## EXCERPTED DATA
· · · ·

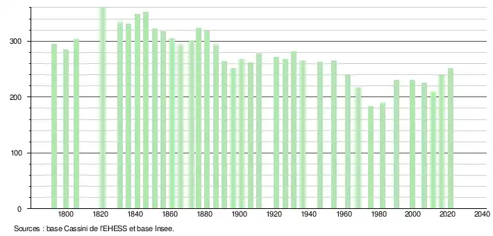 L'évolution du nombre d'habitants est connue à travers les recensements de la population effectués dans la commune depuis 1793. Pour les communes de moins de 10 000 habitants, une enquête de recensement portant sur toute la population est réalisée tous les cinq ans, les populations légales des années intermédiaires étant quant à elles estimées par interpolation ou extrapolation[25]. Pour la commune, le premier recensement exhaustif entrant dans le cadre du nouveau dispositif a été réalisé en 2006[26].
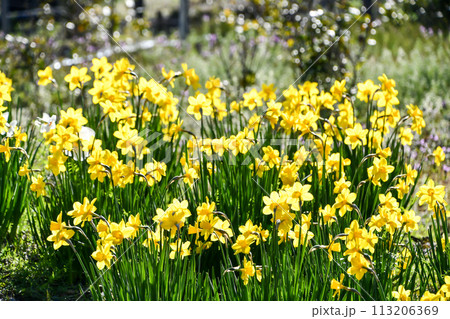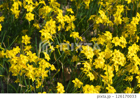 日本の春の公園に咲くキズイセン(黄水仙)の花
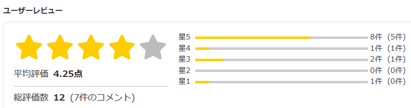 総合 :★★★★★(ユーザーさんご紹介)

· · · ·

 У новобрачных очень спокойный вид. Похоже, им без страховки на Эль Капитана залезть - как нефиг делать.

· · · ·

## YOUR INSTRUCTIONS
In the listing above, find the line with "L'évolution du nombre" and the line with "総合 :★★★★★(ユーザーさんご紹介)". Transcribe those two and everything between, exactly, leaving out pictures.

## PROBLEM SOLUTION
 L'évolution du nombre d'habitants est connue à travers les recensements de la population effectués dans la commune depuis 1793. Pour les communes de moins de 10 000 habitants, une enquête de recensement portant sur toute la population est réalisée tous les cinq ans, les populations légales des années intermédiaires étant quant à elles estimées par interpolation ou extrapolation[25]. Pour la commune, le premier recensement exhaustif entrant dans le cadre du nouveau dispositif a été réalisé en 2006[26].
 日本の春の公園に咲くキズイセン(黄水仙)の花
 総合 :★★★★★(ユーザーさんご紹介)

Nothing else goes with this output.